Ele foi às fábricas e sindicatos, convocou os empresários a Brasília e os convenceu a manter a produção na indústria. Recentemente, comentei o quanto foi decisiva essa conciliação entre empregados e patrões, diferentemente do que aconteceu nos Estados Unidos. O Brasil tem coisas extraordinárias e nem sempre estão no governo. Peguem o exemplo de como reagiram quatro grandes empresas internacionais e quatro grandes empresas brasileiras logo nas primeiras semanas do apagão financeiro. Os chefões americanos chamaram a rapaziada e disseram: “Procurem o seguro-desemprego e passem bem...” Aqui, as turmas se reuniram, tomaram uns chopes e acertaram a vida por alguns meses até as coisas melhorarem. Houve um mínimo de demissões e logo recomeçaram as contratações.

Quem leu alguns livros sobre as crises econômicas aprendeu que as reações dos governos podem ser catastróficas (a maioria) ou virtuosas. A maior recessão mundial dos tempos modernos, que começou com o crash da Bolsa de Nova York, em outubro de 1929, foi pródiga em decisões equivocadas de chefes de governo, das autoridades econômicas, dos gestores financeiros privados (em algumas praças eram as mesmas cabeças) e até dos parlamentos.
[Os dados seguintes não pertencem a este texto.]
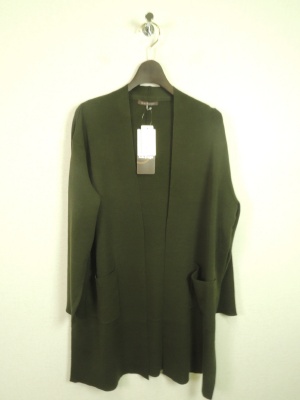 トロミのあるパンツには動きのあるロングカーデで秋の気分を!スタイリッシュ度70%、エレガンス度30%。

As lições dessa crise servem até hoje e ajudam a evitar a reedição de alguns (não todos) erros dramáticos. Por exemplo:

Em 17 de junho de 1930, quando parecia que a crise ia arrefecer, o presidente Hoover sancionou a lei Smoot-Hawley, aprovada no Congresso dos EUA, elevando fortemente as tarifas comerciais, “em defesa da autossuficiência americana”. Produziu o efeito de generalizar as práticas protecionistas, o que paralisou o comércio entre as nações e aprofundou e deu longa vida à recessão em toda a economia mundial.

Pressionado pela oposição conservadora e pela “city londrina”, o gabinete trabalhista inglês elaborou um orçamento para 1931 com drástica redução nas despesas do governo, inclusive cortes importantes nos salários do funcionalismo civil e militar e até mesmo no auxílio-desemprego! O equilíbrio orçamentário manteria a valorização da libra esterlina, vinculada ao padrão-ouro. A estabilidade financeira era exigência dos bancos, da grande imprensa conservadora e das entidades representativas da própria indústria britânica.
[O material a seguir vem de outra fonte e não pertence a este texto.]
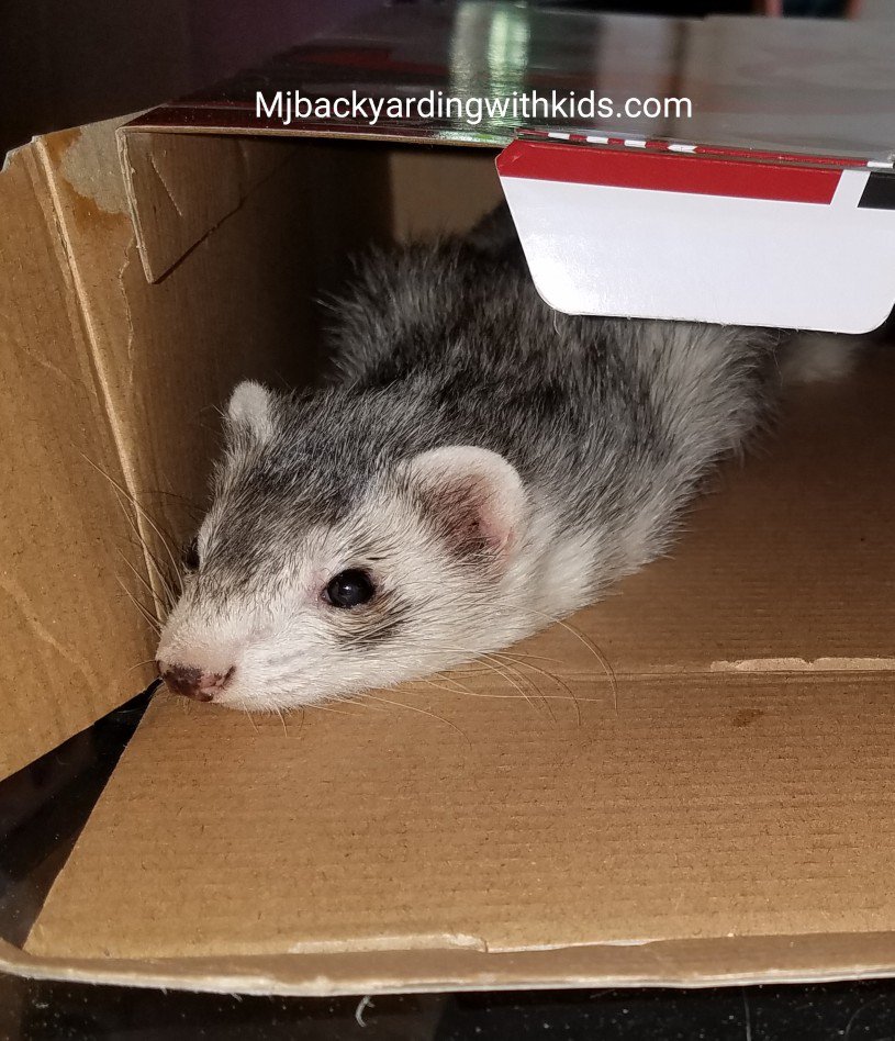 Today after school I cleaned out the ferrets. The older kids like to watch them run around but the two younger ones like to throw their toys and have the ferrets ( their small toy balls and tug ropes) fetch them. The ferrets run after the toys but never bring them back. So in reality the ferrets have the two younger children trained. They go and get the toy and then throw it again😂😂. Today after I was done cleaning their cage out I went to look for them. Ghost is easy to find you just follow the water trail. He likes to go swimming in the dogs water dish😂😂. I however couldn’t find cashew she wasn’t in her normal places that she hides in. After getting everyone on deck to find cashew my second oldest finally found her, lol she was playing inside a box that I hadn’t gotten a chance to take out yet.

Como todos sabem, a história é plena de acidentes. Num ancoradouro naval escocês, marinheiros da esquadra imperial, descontentes com a profundidade dos cortes salariais, se recusaram a obedecer ordens dos oficiais para zarpar, no que ficou conhecido como o Motim de Invergordon. Pior que a desobediência, fato raro que implicava severas punições, desandaram a entoar The Red Flag, o que foi interpretado como uma ameaça revolucionária, à semelhança dos motins de 1917 da marinha russa em São Petersburgo.

O susto produziu as consequências indesejadas: os mercados financeiros desabaram, a libra passou a flutuar, a Grã-Bretanha abandonou o padrão-ouro (e na sequência os demais países). O contágio da recessão não poupou nenhum país. Medidas protecionistas ampliadas afundaram as economias num longo período de depressão. A esperança de milhões de trabalhadores de recuperar seus empregos hibernou em todo o mundo pelo período de uma geração, a geração perdida.